Task: Exact copy, pictures excluded: please retype the lines from the start of the material through the line containing "Bleu et noir, rond.", both ends included, and nothing more.

Extracted data:
■ ■ ■ ■ ■ ■ ■

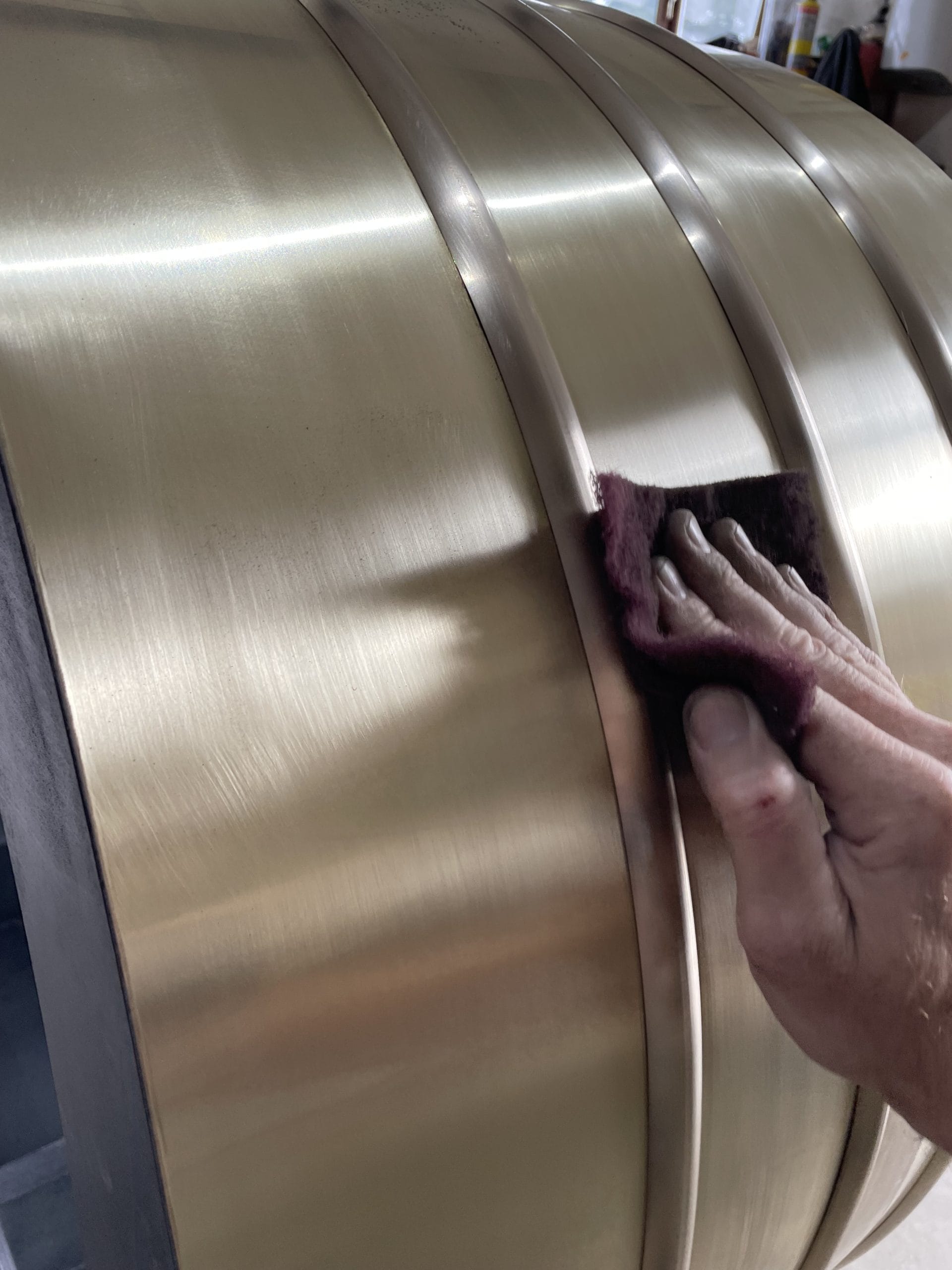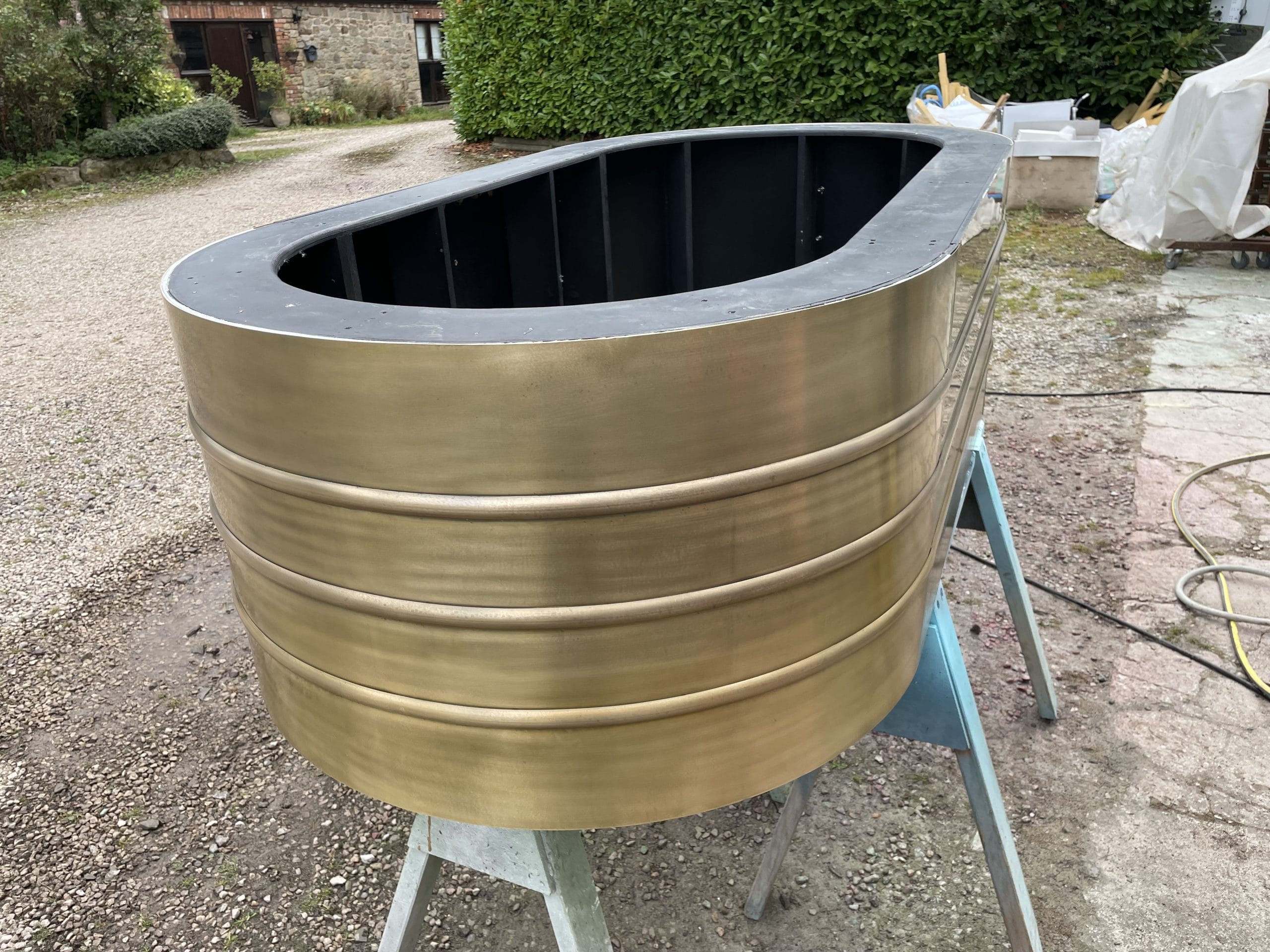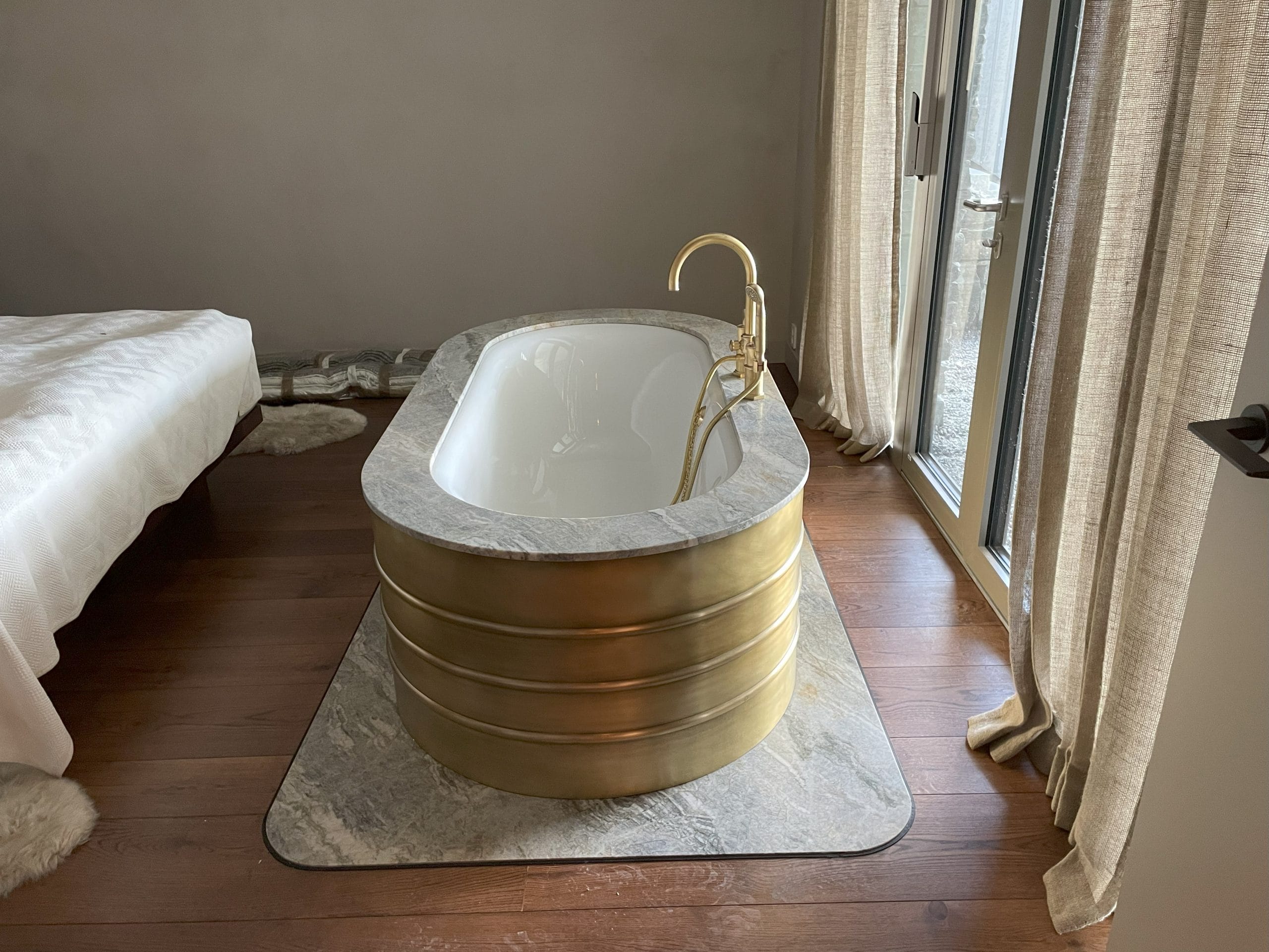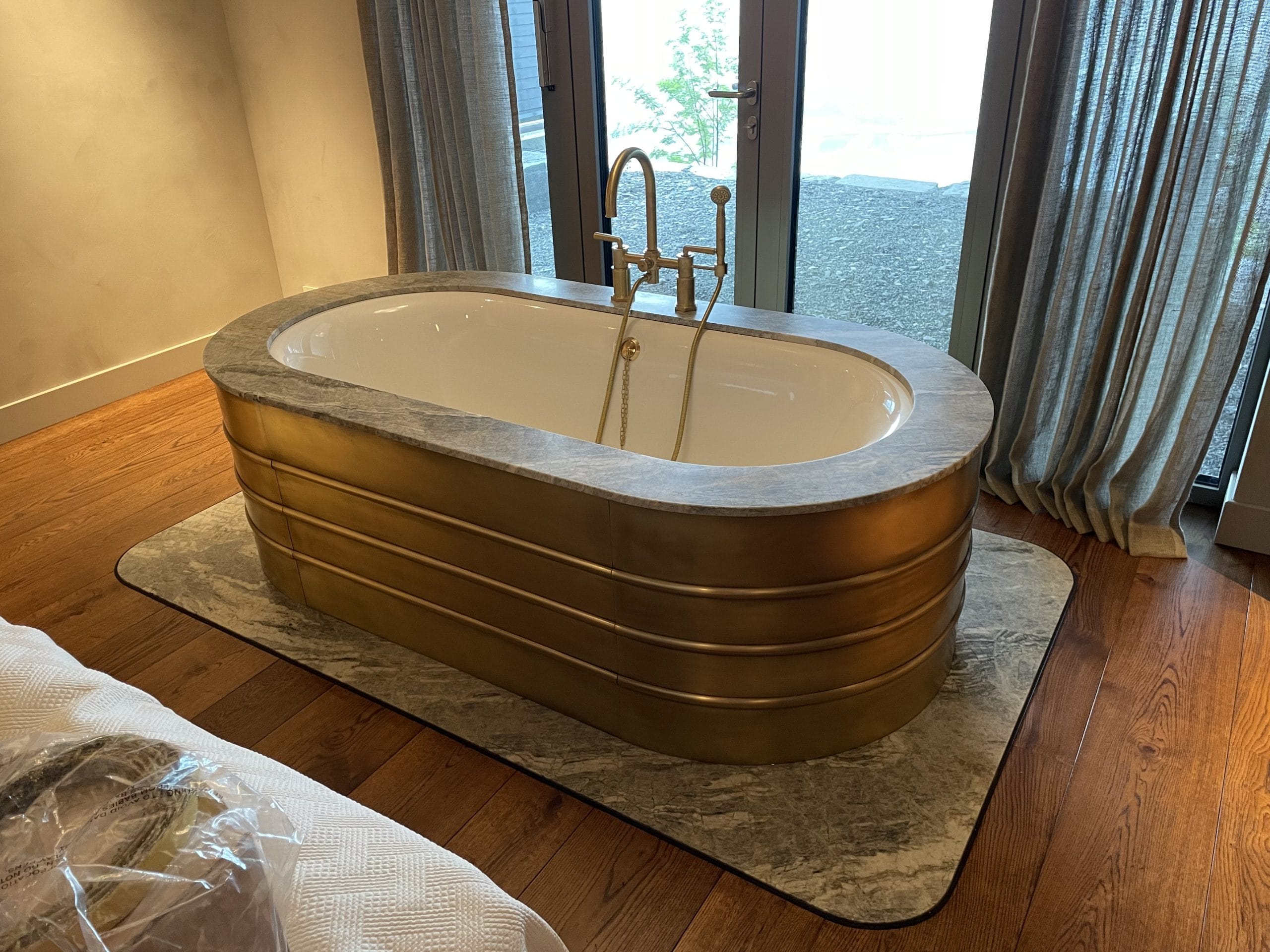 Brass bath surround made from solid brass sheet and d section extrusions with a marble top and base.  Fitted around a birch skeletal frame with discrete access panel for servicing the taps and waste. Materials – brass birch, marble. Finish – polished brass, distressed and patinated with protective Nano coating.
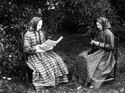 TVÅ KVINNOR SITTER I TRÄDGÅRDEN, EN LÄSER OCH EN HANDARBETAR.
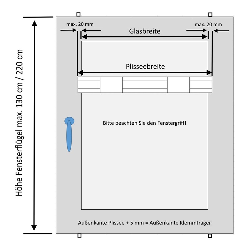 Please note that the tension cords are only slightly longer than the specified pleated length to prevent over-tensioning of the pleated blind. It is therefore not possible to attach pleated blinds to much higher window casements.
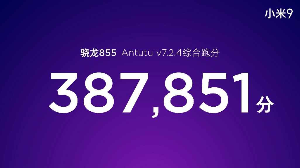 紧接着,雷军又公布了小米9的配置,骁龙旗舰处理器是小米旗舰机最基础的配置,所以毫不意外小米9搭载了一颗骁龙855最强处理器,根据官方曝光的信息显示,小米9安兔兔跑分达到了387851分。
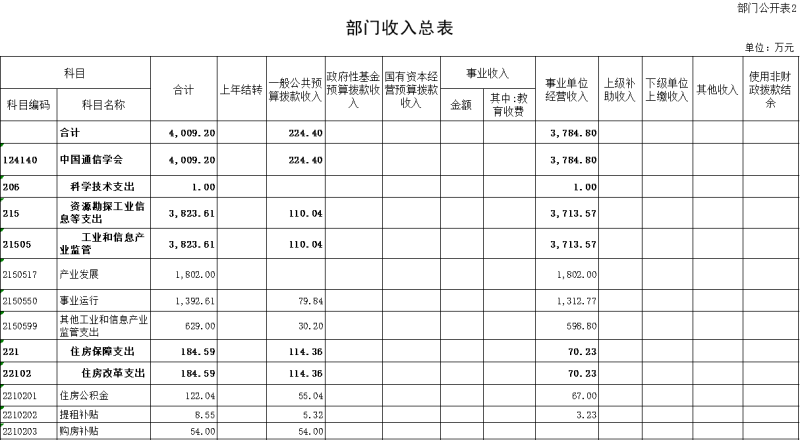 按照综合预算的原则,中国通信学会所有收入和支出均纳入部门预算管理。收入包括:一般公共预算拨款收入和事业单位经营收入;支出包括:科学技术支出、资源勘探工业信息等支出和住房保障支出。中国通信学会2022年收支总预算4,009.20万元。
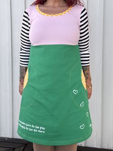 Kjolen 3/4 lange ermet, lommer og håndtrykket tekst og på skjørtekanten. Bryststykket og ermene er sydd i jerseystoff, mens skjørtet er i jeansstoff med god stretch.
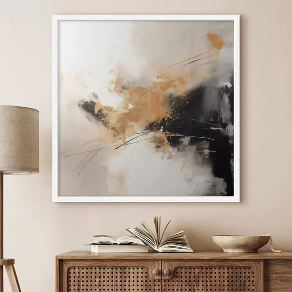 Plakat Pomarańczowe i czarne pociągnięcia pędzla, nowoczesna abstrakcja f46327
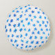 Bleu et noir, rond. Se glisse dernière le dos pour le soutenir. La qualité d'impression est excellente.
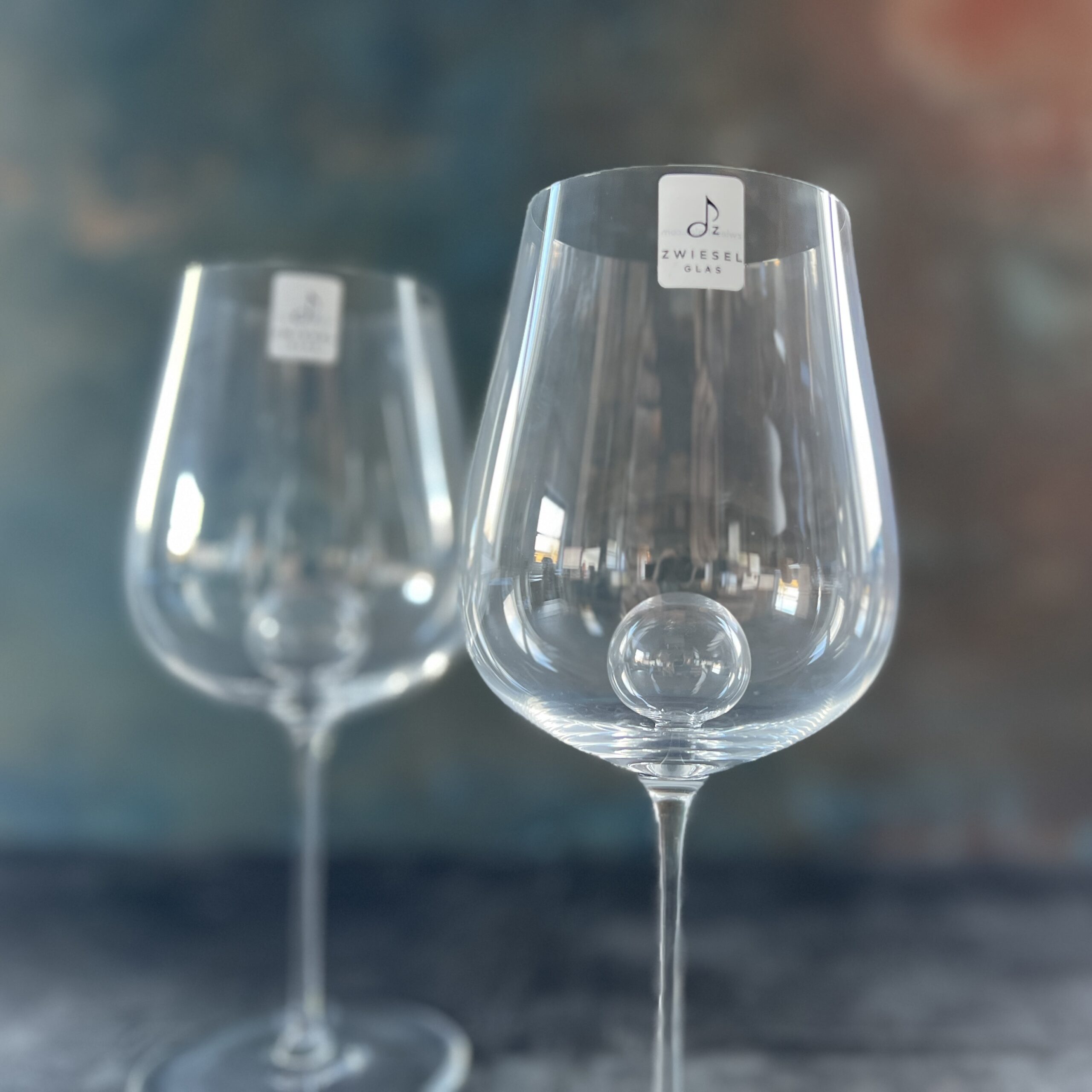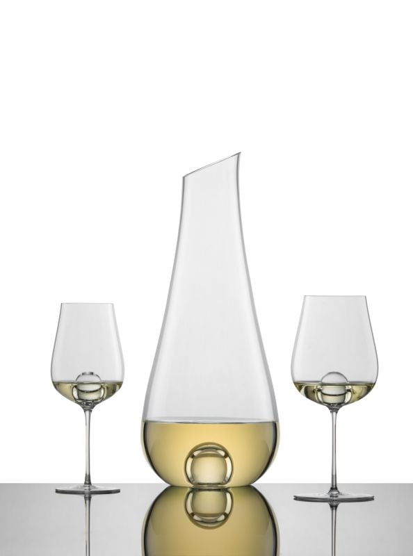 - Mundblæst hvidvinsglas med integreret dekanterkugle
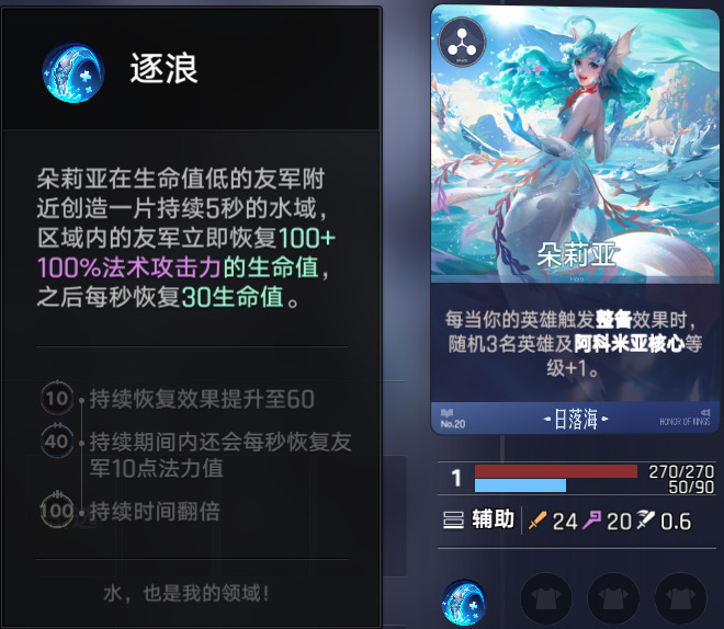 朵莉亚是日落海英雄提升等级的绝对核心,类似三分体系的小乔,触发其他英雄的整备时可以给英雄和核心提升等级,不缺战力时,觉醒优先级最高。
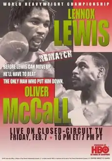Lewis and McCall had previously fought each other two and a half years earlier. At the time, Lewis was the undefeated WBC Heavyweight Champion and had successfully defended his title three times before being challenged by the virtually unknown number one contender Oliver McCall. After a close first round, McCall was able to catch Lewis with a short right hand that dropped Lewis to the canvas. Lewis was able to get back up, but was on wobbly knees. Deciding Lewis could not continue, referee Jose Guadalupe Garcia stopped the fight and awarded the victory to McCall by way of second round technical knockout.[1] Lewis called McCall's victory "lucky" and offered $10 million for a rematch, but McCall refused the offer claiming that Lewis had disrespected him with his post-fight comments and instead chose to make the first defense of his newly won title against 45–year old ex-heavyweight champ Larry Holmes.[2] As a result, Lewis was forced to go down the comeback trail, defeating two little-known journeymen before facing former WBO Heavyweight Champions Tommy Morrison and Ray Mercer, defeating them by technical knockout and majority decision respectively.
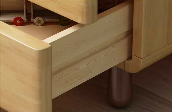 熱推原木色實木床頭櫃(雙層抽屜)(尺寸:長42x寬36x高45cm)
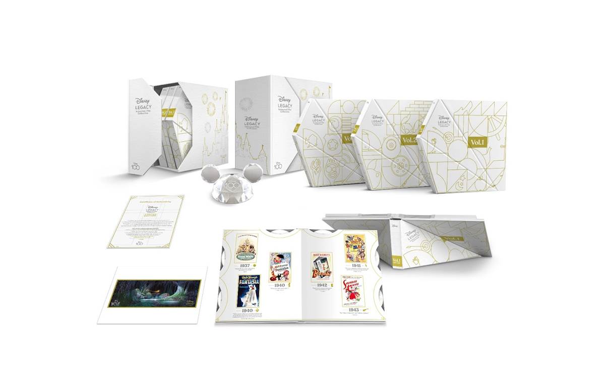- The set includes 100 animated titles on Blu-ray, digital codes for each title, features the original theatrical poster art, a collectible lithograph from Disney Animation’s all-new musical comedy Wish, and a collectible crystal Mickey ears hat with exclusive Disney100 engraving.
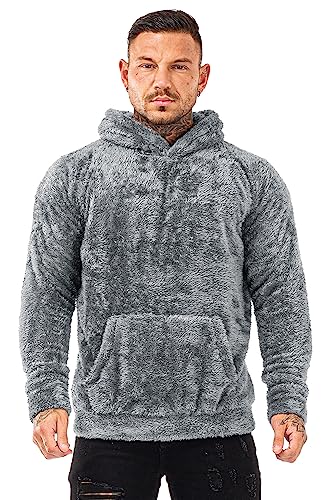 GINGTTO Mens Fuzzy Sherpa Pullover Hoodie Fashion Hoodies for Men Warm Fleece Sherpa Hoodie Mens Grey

■ ■ ■ ■ ■ ■ ■

Answer for the task:
 Brass bath surround made from solid brass sheet and d section extrusions with a marble top and base.  Fitted around a birch skeletal frame with discrete access panel for servicing the taps and waste. Materials – brass birch, marble. Finish – polished brass, distressed and patinated with protective Nano coating.
 TVÅ KVINNOR SITTER I TRÄDGÅRDEN, EN LÄSER OCH EN HANDARBETAR.
 Please note that the tension cords are only slightly longer than the specified pleated length to prevent over-tensioning of the pleated blind. It is therefore not possible to attach pleated blinds to much higher window casements.
 紧接着,雷军又公布了小米9的配置,骁龙旗舰处理器是小米旗舰机最基础的配置,所以毫不意外小米9搭载了一颗骁龙855最强处理器,根据官方曝光的信息显示,小米9安兔兔跑分达到了387851分。
 按照综合预算的原则,中国通信学会所有收入和支出均纳入部门预算管理。收入包括:一般公共预算拨款收入和事业单位经营收入;支出包括:科学技术支出、资源勘探工业信息等支出和住房保障支出。中国通信学会2022年收支总预算4,009.20万元。
 Kjolen 3/4 lange ermet, lommer og håndtrykket tekst og på skjørtekanten. Bryststykket og ermene er sydd i jerseystoff, mens skjørtet er i jeansstoff med god stretch.
 Plakat Pomarańczowe i czarne pociągnięcia pędzla, nowoczesna abstrakcja f46327
 Bleu et noir, rond. Se glisse dernière le dos pour le soutenir. La qualité d'impression est excellente.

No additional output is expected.